Salesforce, Python, SQL, & other ways to put your data where you need it

Securing authenticated agentic AI

15 May 2025 🔖 security iam
💬 EN

Table of Contents

I found 3 excellent blog posts by Stytch about the intersection of traditional IT concerns and AI agents:

  1. How to think through enhancing legacy workloads to be able to be used by customers’ and employees’ AI agents”:
    • The age of agent experience
    • Key point:  the workloads might need to become OAuth providers even if they previously weren’t, so that they can specify appropriate authentication (“authN”) & authorization (“authZ”).
  2. Intrusion detection patterns in the age of AI agents:
  3. Authorization (“authZ”) for AI agents:

Honestly, the whole blog looks interesting, at a glance.

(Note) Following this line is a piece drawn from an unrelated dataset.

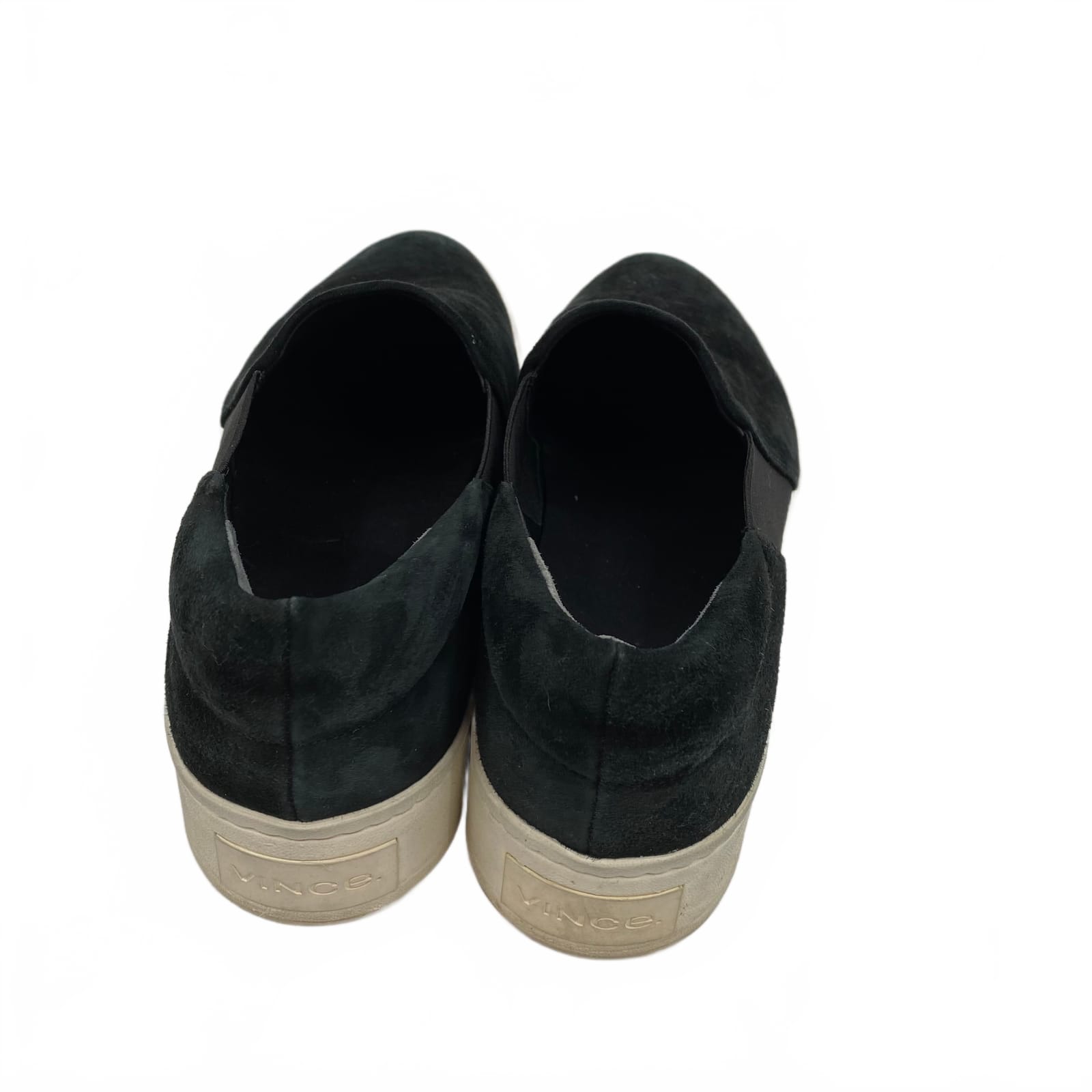 Slip into comfort with these Vince black slip-on sneakers. Crafted in suede for a refined look, they pair easily with jeans, cropped pants, or athleisure. The low-profile silhouette keeps your steps light, while the easy, no-luss design makes them ideal for busy days. Dirt around the outer sole is visible in photos, but the clean, solid black upper remains versatile for fall, winter, spring, and summer wear. Features: - Suede upper for a sleek, versatile look - Slip-on design with clean silhouette - Regular US women’s size 8.5 for easy fit - Low-profile sole enhances everyday comfort - Solid black color pairs with nearly any outfit - Flaws: Dirt around outer sole, as seen in photos - Inventory: 1138043 A classic you’ll reach for again and again—grab it before it’s gone.

Of course, every article ends saying you should buy their authentication service provider product.

But overall, they seem to have a pretty great team of writers thinking about big-picture architecture, observability, & IAM questions in the age of AI – both “feature”-wise and “defense”-wise.

I found it after Googling a term Netlify came up with recently: “agent experience,” or “AX,” which is meant to follow on the concepts of “user experience” (“UX”) and “developer experience” (“DX”).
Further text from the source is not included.